There is a tendency to consume highly caloric, low-nutritional-quality foods, such as sweets, cookies, and potato chips. Quickly, there is a sense of loss of control over the act of eating, with a feeling of inability to stop eating or control the quantity and quality of the food. After these episodes, feelings of guilt, ineffectiveness, low self-esteem, and distress may arise. These episodes are usually done in secret, with individuals with bulimia often taking food to safe places where they know they won't be discovered (e.g., to their room).

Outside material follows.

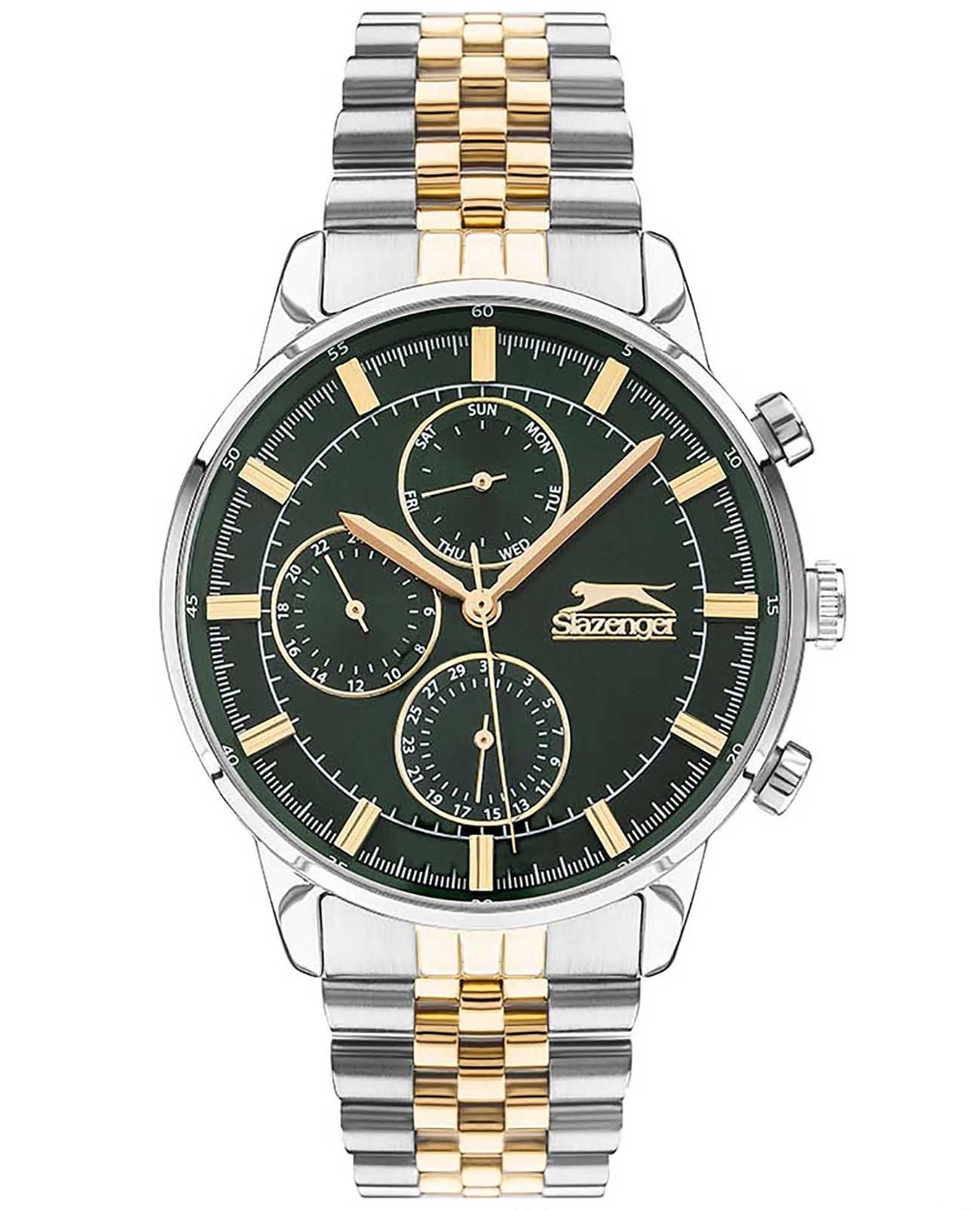 Slazenger SL.09.2036.2.04 — стильные мужские часы, сочетающие элегантный дизайн и функциональность. Корпус выполнен из суперметалла, придающей модели прочность и долговечность. Минеральное стеклоМинеральное стеклоМинеральное стекло представляет собой искусственно выращенный минерал кварца. Такое стекло отличается особой устойчивостью к повреждениям и царапинам. Уступает по некоторым качествам сапфировому стеклу. защищает циферблат от царапин и гарантирует превосходную читаемость. Циферблат с дополнительными индикаторами подчёркивает современный стиль. Браслет из суперметалла с PVD-покрытиемPVDУльтратонкое покрытие наносится в технике вакуумного напыления, сочетает в себе нитрид титана особой прочности со слоем золота или оксида хрома. Несёт в себе декоративную или защитную функцию. обеспечивает комфортное ношение и надёжную фиксацию на запястье. Функциональность дополняется индикацией даты, дня недели и 24-часовым форматом времени, повышая удобство использования. Водонепроницаемость 50 метров делает модель устойчивой к случайным брызгам и влаге, идеально подходя для повседневного ношения.

In the initial stages of the disorder, as a way to control weight and prevent weight gain, inappropriate and recurrent compensatory behaviors are adopted. These behaviors include inducing vomiting, using laxatives, diuretics, enemas, or other medications, fasting, or excessive exercise. These behaviors occur, on average, at least twice a week for three consecutive months. These behaviors, initially used to combat binge eating, later take on a repetitive character. By providing relief from physical discomfort and reducing the fear of gaining weight, a vicious cycle is created: eating until full, engaging in compensatory behaviors, and so on.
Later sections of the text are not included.